* **Task**
Wherever a picture appears in the listing below, leave it out and reproduce the rest exactly.

* **Source material**

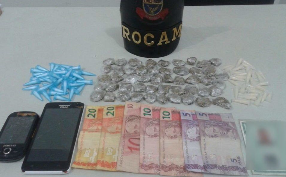 O rapaz percebeu as motos da polícia e tentou fugir, mas acabou detido. Em uma pochete que estava com ele foram encontradas as drogas, assim como R$ 80 em notas diversas.
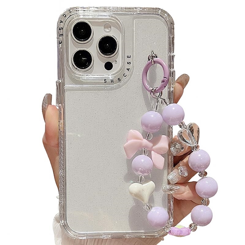 • Glitter Schokbestendig Hybride Hoesje met Polsband voor iPhone 16 Pro Max - PC + TPU Beschermhoes
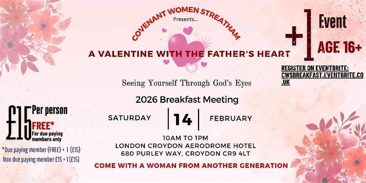 Covenant Women Streatham have a vision to build a community of impactful, kingdom focussed women, thriving and winning souls for Christ. We look forward to welcoming you to the London Croydon Aerodrome Hotel for a morning of food, community, and encouragement centred on the Christian faith. Learn from the journeys of women, celebrate the gifts and talents we have been blessed with as we understand how to love and be loved by our Heavenly Father. Don't miss out on this chance to be encouraged and encourage others over a delicious breakfast. Reserve your spot now and join us in repairing and restoring connections!

* **Written solution**
 O rapaz percebeu as motos da polícia e tentou fugir, mas acabou detido. Em uma pochete que estava com ele foram encontradas as drogas, assim como R$ 80 em notas diversas.
 • Glitter Schokbestendig Hybride Hoesje met Polsband voor iPhone 16 Pro Max - PC + TPU Beschermhoes
 Covenant Women Streatham have a vision to build a community of impactful, kingdom focussed women, thriving and winning souls for Christ. We look forward to welcoming you to the London Croydon Aerodrome Hotel for a morning of food, community, and encouragement centred on the Christian faith. Learn from the journeys of women, celebrate the gifts and talents we have been blessed with as we understand how to love and be loved by our Heavenly Father. Don't miss out on this chance to be encouraged and encourage others over a delicious breakfast. Reserve your spot now and join us in repairing and restoring connections!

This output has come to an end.